Three reasons not to panic and funds to buy as Trump wins US election
US, UK and European stock markets are likely to follow Asia and Japan down today in an initial sell-off, which was always going to happen with a Trump win. But whether the fall is for one, two or three days, or manifests itself into something more worrying is another question. My best guess is we’ll see a short period of volatility before markets steady.
There are clear worries, of course. Internally, the candidates divided men and women, older and younger, white and non-white Americans. There is a clear split in America and one that the new president will need to address. Trump will need to reach out to those he alienated in the campaign and undo the damage done. Abroad, there will be concerns over foreign policy and an untried and unpredictable politician.
Three reasons not to panic
1) Policy rhetoric being dampened already
Already the Trump camp is talking about renegotiating trade deals, not tearing them up. The grandiose rhetoric is being dampened down early-on and there are two more months until he is inaugurated – two more months to get a clearer picture of the actual detail and what he may do, rather than what he has said in the campaign.

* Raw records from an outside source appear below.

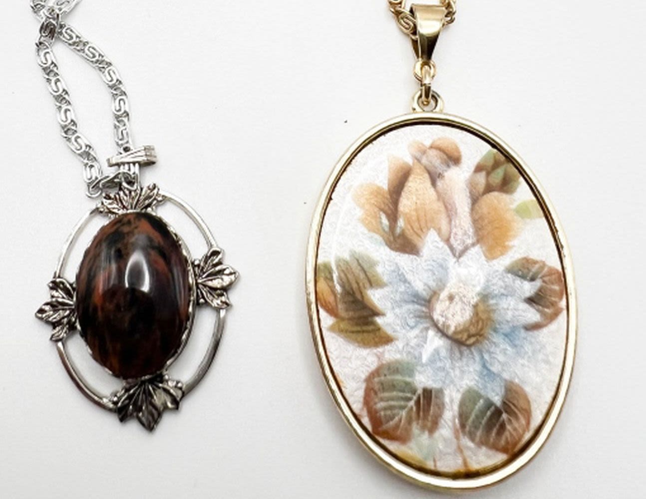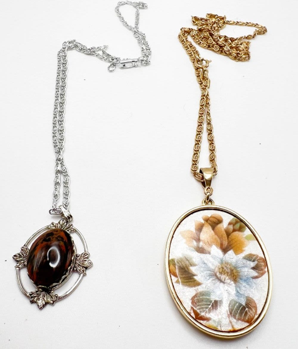 2 PENDANTS NECKLACES, FLORAL PAINTED AND STONES
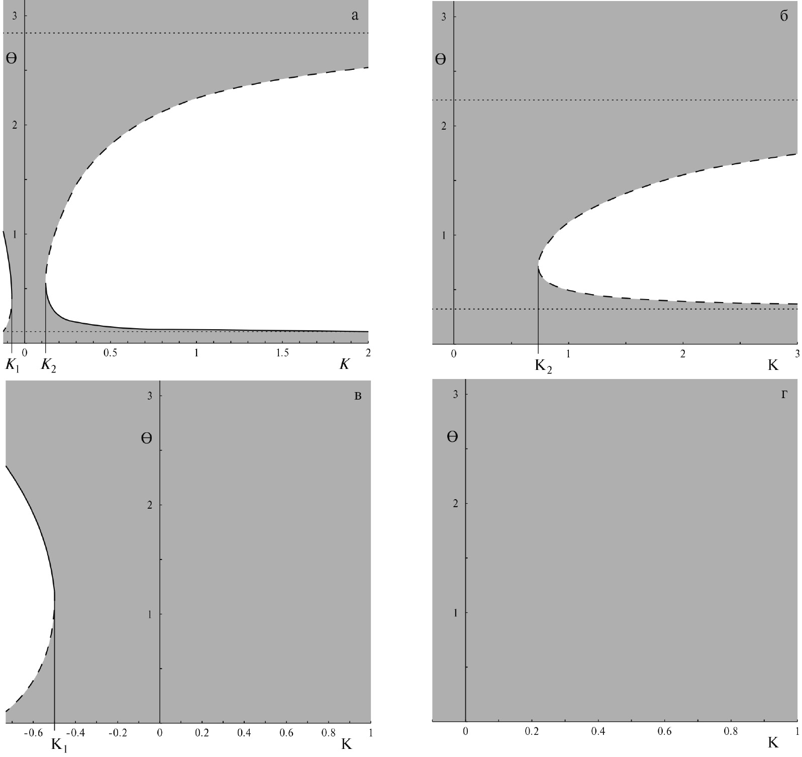т.е. δ < 1, и у уравнения (3.6) имеется корень θ = θ1, которому отвечает значение K = K1, при этом . Пара (θ1, K1) на плоскости (θ, K) задает точку бифуркации, принадлежащую кривой Г_. Кроме того, у уравнения (3.7) имеется корень θ = θ2, ему отвечает значение K = K2. Пара (θ2, K2) на плоскости (θ, K) задает точку бифуркации, принадлежащую кривой Г+. Для d = 0.5 и такая ситуация изображена на рис. 4, а. Здесь и далее на рисунках области, на которых выполнено неравенство (2.6), выделены темно-серым цветом.
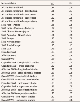 ABSTRACT: This meta-analysis examined the differences across countries/regions, and the moderator effects of the study type (cross-sectional vs. longitudinal) on the SWB-job performance relationship. The database consists of 78 independent samples (N = 18,853), located through electronic and manual searches. The results showed that overall SWB (ρ = .37), cognitive SWB (ρ = .27), and affective SWB (ρ = .37) are predictors of job performance. Evidence of cross-cultural effects showed that the magnitude of the SWB-job performance relationship was larger in the Asia-Pacific region than in Europe and the US-Canada region (Asia-Pacific ρ = .41, Europe ρ = .33, USA ρ = .23). Moderator analyses indicated that, on average, cross-sectional (concurrent) and longitudinal (predictive) studies showed similar validity (ρ = .33 vs. ρ = .32). Lastly, we discuss the main contributions, and some practical implications and some limitations of the study are mentioned.
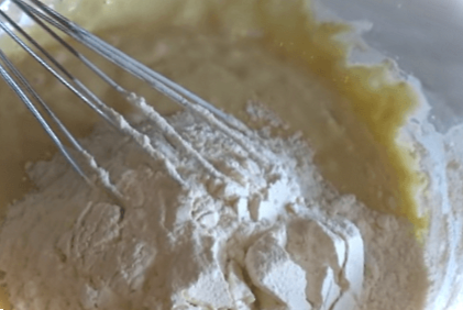 Додаємо муку|борошно| і розмішуємо віночком.
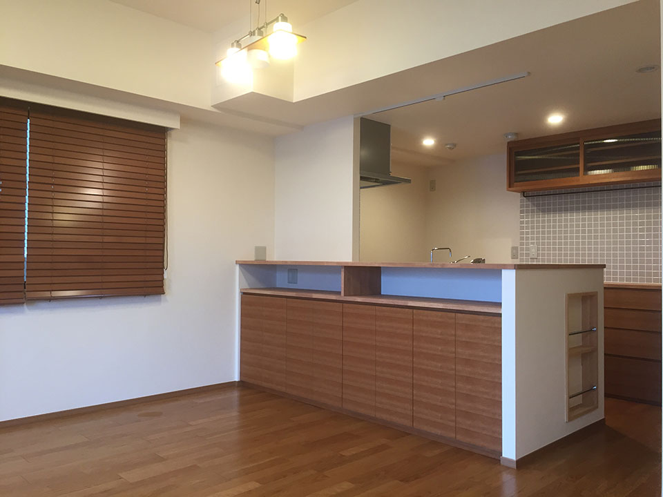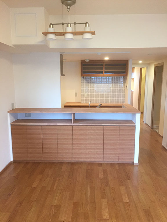 キッチン周辺のさがり壁や袖壁を全て取り払い

2) Corporate tax cuts could save the S&P
There are a number of sectors of the US market that should benefit from a Trump win: his planned spending on infrastructure is huge and likely to be funded through debt, not business. This is key: he plans to cut corporation tax, which would make companies across the marketplace more profitable. He also wants US companies to repatriate cash held abroad, which could boost reinvestment. He is against some environmental regulations, which is bad for renewables but good for carbon energy, and he wants to spend more on defence.
3) Will it soon be time to buy?
“There are some definite winners – and of course there will be losers. But good companies have not turned bad overnight. And remember, volatility can be a friend of investors. The US market has been rising steadily for a long time now and many companies’ valuations are very expensive. Any volatility could create opportunities to buy these companies at more reasonable prices. This could be a time to put cash to work.”
Three funds to buy if your glass is half full
The lead manager on Brown Advisory US Flexible Equity is an industry veteran with 30+ years of experience in steering investors through market ups and downs, which may prove invaluable over the coming months. AXA Framlington American Growth is run by another highly experienced manager, who focuses on finding companies with a unique competitive advantage, regardless of macro conditions.
For something a bit different, Hermes US SMID Equity invests in a concentrated number of smaller and medium-sized companies. This may make it more volatile than larger cap US funds, but as we saw in the UK post-Brexit vote, smaller companies can sometimes surprise.
Three funds to buy if your glass is half empty
If you’re going the safe haven route, gold, as always, remains a core asset. The BlackRock Gold and General fund offers exposure via a global portfolio of gold mining equities. If you prefer defensive, multi-asset funds, both Church House Tenax Absolute Return Strategies and Premier Defensive Growth have a track record of protecting investors’ capital in falling markets.